What has been Chipotle’s response? Steve Ells, the CEO and Founder, said in an interview, “I’m sorry for the people who got sick, they’re having a tough time and I feel terrible about that. We’re doing a lot to rectify that so this won’t happen again.” He also said “We’re serving extraordinary quality ingredients, and that’s been something in place for many, many years now, and we’re best in the world at that. We’re going to be the best in the world at food safety, and we’re taking this very, very seriously.”

Chipotle did outline new protocols in place, which included tighter controls on suppliers, increased testing of produce, and new operational practices for handling certain higher risk ingredients.

Overall though, there simply wasn’t much social media response from Chipotle. Missed opportunity.

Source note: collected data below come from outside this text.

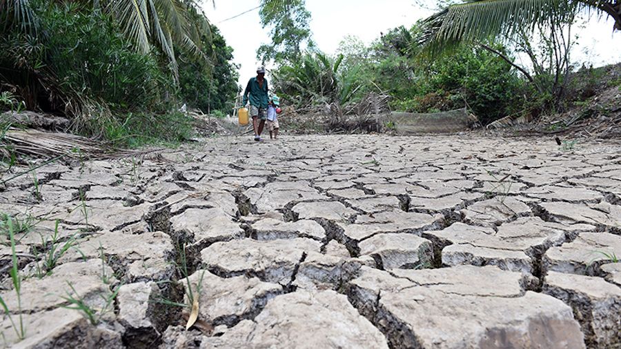 Do ảnh hưởng của biến đổi khí hậu, hạn hán, xâm nhập nghiêm trọng hơn tại các địa phương vùng đồng bằng sông Cửu Long. (Ảnh: Viết Chung)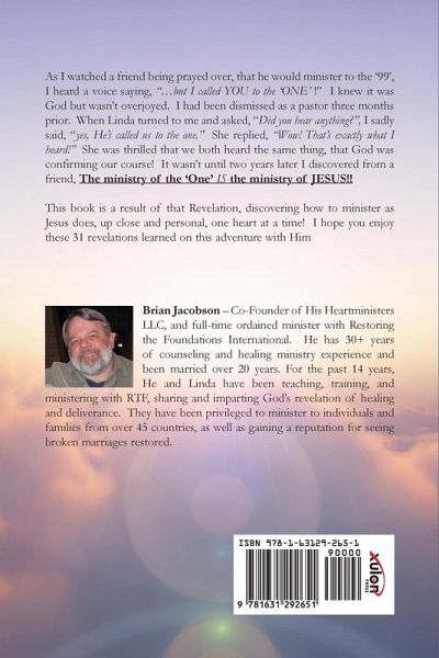 As I watched a friend being prayed over, that he would minister to the '99', I heard a voice saying, "...but I called YOU to the 'ONE' !" I knew it was God but wasn't overjoyed. I had been dismissed as a pastor three months prior. When Linda turned to me and asked, "Did you hear anything?", I sadly said, "yes, He's called us to the one." She replied, "Wow! That's exactly what I heard!" She was thrilled that we both heard the same thing, that God was confirming our course! It wasn't until two years later I discovered from a friend, The ministry of the 'One' IS the ministry of JESUS!! This book is a result of that Revelation, discovering how to minister as Jesus does, up close and personal, one heart at a time! I hope you enjoy these 31 revelations learned on this adventure with Him Brian Jacobson - Co-Founder of His Heartministers LLC, and full-time ordained minister with Restoring the Foundations International. He has 30+ years of counseling and healing ministry experience and been married over 20 years. For the past 14 years, He and Linda have been teaching, training, and ministering with RTF, sharing and imparting God's revelation of healing and deliverance. They have been privileged to minister to individuals and families from over 45 countries, as well as gaining a reputation for seeing broken marriages restored.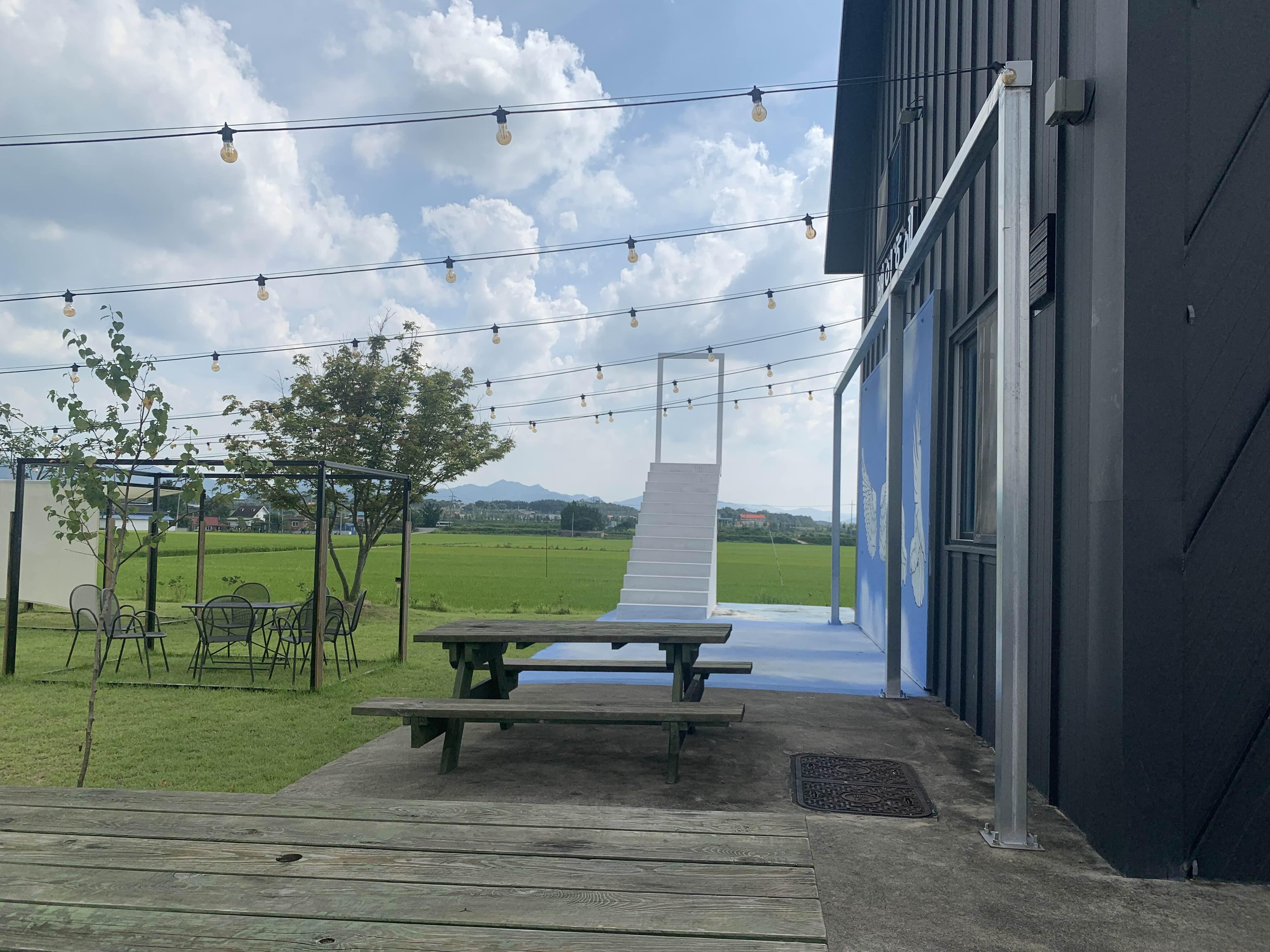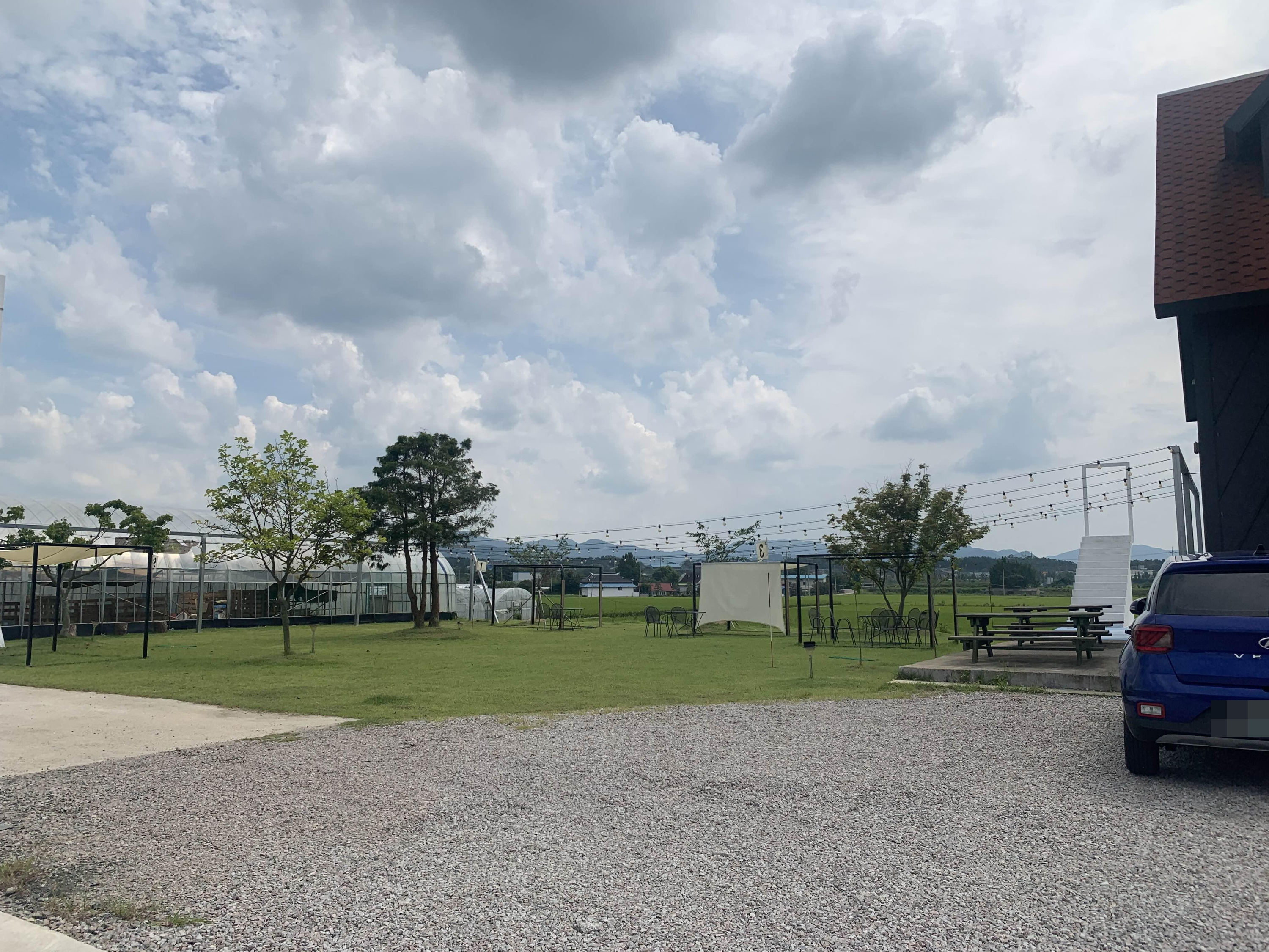카페 내 잔디광장이 잘 꾸며져 있어서.... 개방감이 있어서 좋았다. 그리고.... 카페 전면에 드넓은 평야가 있어서... 더욱이 개방감이 좋다. 근처 다른 카페도 있는데... 그쪽 카페도 좋아 보인다. 그리고... 쌈밥집도;;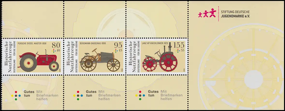 Jugendmarken: Historische Nutzfahrzeuge mit 3618 Porsche Diesel Master 1958, 3619 Bergmann Gaggenau 1906, 3620 Lanz HB Knicklenker 1923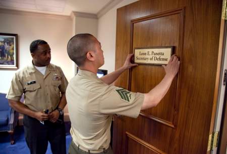 Upon arrival at the Potomac River entrance to the Pentagon, Panetta was greeted by his senior military assistant, Marine Lt. Gen. John Kelly, who shook his boss’ hand and said, “Welcome aboard, sir.” Panetta, briefcase in hand, bounded up the steps and into his 3rd floor office, where he took the oath of office as the nation’s 23rd defence secretary.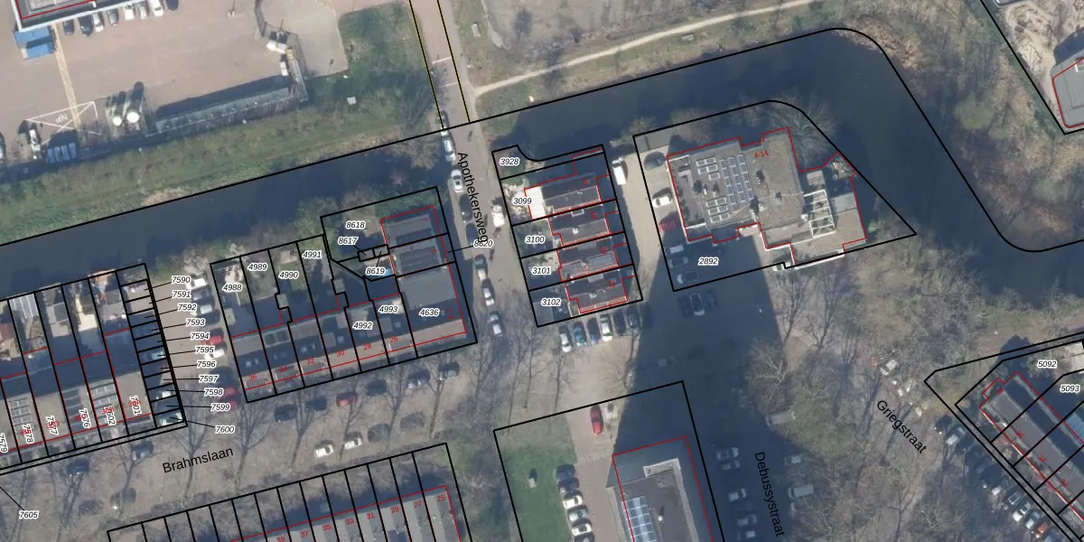 Gebruik de zoekbalk of klik op een perceel om informatie over het perceel te bekijken.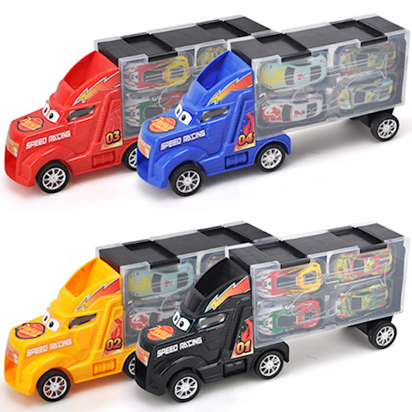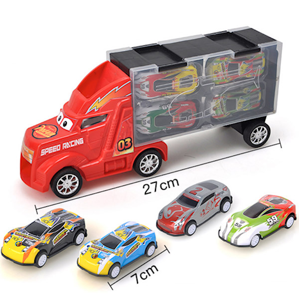 Сет од пет играчки – камион носач и четири метални автомобили.

How would I have handled the response if I were in charge? I would have made a big deal out of it. I would have had Chipotle address the problem loudly and head-on across all of their social media channels, with the following essential message: “We screwed up, big time. Our mission is food with integrity, and we let you down. We’re deeply sorry. We’re also taking this as a wake-up call to action.”

Then, I’d actively put out quality content in the form of videos and images that explains how we’re revamping our food safety processes to ensure that this won’t happen again.

We’d emergence stronger than before. I’d take the fail and turn it into a win. Speaking of winning, I just at Chipotle.